Launch Phoenix. You can open use Phoenix within your notebook or in a separate browser window by opening the URL.
To note this trace data dates back 12/11/2023 around 12:57PM - make sure to select "All Time" in the webapp to see it


In [4]:
import phoenix as px

session = px.launch_app(trace=trace_ds)
session.view()

🌍 To view the Phoenix app in your browser, visit http://localhost:6006/
📖 For more information on how to use Phoenix, check out https://docs.arize.com/phoenix
📺 Opening a view to the Phoenix app. The app is running at http://localhost:6006/


I0000 00:00:1722087673.990868  674680 config.cc:230] gRPC experiments enabled: call_status_override_on_cancellation, event_engine_dns, event_engine_listener, http2_stats_fix, monitoring_experiment, pick_first_new, trace_record_callops, work_serializer_clears_time_cache


Export your retrieved documents and query data from your session into a pandas dataframe.

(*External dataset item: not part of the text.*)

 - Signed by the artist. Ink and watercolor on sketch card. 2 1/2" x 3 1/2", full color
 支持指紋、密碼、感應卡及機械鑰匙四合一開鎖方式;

Note: If you are interested in a different subset of your data, you can export with a custom query.

In [5]:
from phoenix.session.evaluation import get_qa_with_reference, get_retrieved_documents

retrieved_documents_df = get_retrieved_documents(px.Client())
queries_df = get_qa_with_reference(px.Client())

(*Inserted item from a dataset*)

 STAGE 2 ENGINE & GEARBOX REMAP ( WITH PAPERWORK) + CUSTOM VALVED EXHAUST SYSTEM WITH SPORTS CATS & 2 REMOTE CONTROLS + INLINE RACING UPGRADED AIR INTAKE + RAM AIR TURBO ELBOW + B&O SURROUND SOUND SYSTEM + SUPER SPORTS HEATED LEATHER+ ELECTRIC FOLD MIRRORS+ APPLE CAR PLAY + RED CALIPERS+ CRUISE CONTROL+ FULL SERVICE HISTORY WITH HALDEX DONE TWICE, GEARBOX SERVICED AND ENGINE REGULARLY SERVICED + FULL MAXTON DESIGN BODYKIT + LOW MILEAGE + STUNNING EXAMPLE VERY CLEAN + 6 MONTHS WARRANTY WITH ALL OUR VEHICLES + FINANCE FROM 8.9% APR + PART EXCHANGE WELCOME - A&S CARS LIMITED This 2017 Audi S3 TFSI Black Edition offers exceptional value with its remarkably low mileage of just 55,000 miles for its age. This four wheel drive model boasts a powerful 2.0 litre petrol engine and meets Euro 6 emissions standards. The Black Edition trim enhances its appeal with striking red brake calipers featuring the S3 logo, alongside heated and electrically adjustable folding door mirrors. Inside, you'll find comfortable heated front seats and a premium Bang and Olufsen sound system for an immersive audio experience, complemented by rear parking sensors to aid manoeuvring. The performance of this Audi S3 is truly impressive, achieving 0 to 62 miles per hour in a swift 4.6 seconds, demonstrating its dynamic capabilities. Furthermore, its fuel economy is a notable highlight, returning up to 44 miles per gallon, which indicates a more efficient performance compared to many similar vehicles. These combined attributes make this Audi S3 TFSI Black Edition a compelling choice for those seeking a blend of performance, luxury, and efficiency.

Phoenix evaluates your application data by prompting an LLM to classify whether a retrieved document is relevant or irrelevant to the corresponding query, whether a response is grounded in a retrieved document, etc. You can even get explanations generated by the LLM to help you understand the results of your evaluations!

This quickstart uses OpenAI and requires an OpenAI API key, but we support a wide variety of APIs and models.  # TODO: Add link

Install the OpenAI SDK with `pip install openai` and instantiate your model.

In [6]:
from phoenix.evals import OpenAIModel

eval_model = OpenAIModel(model = "gpt-4-turbo-preview")

You'll next define your evaluators. Evaluators are built on top of language models and prompt the LLM to assess the quality of responses, the relevance of retrieved documents, etc., and provide a quality signal even in the absence of human-labeled data. Pick an evaluator type and instantiate it with the language model you want to use to perform evaluations using our battle-tested evaluation templates.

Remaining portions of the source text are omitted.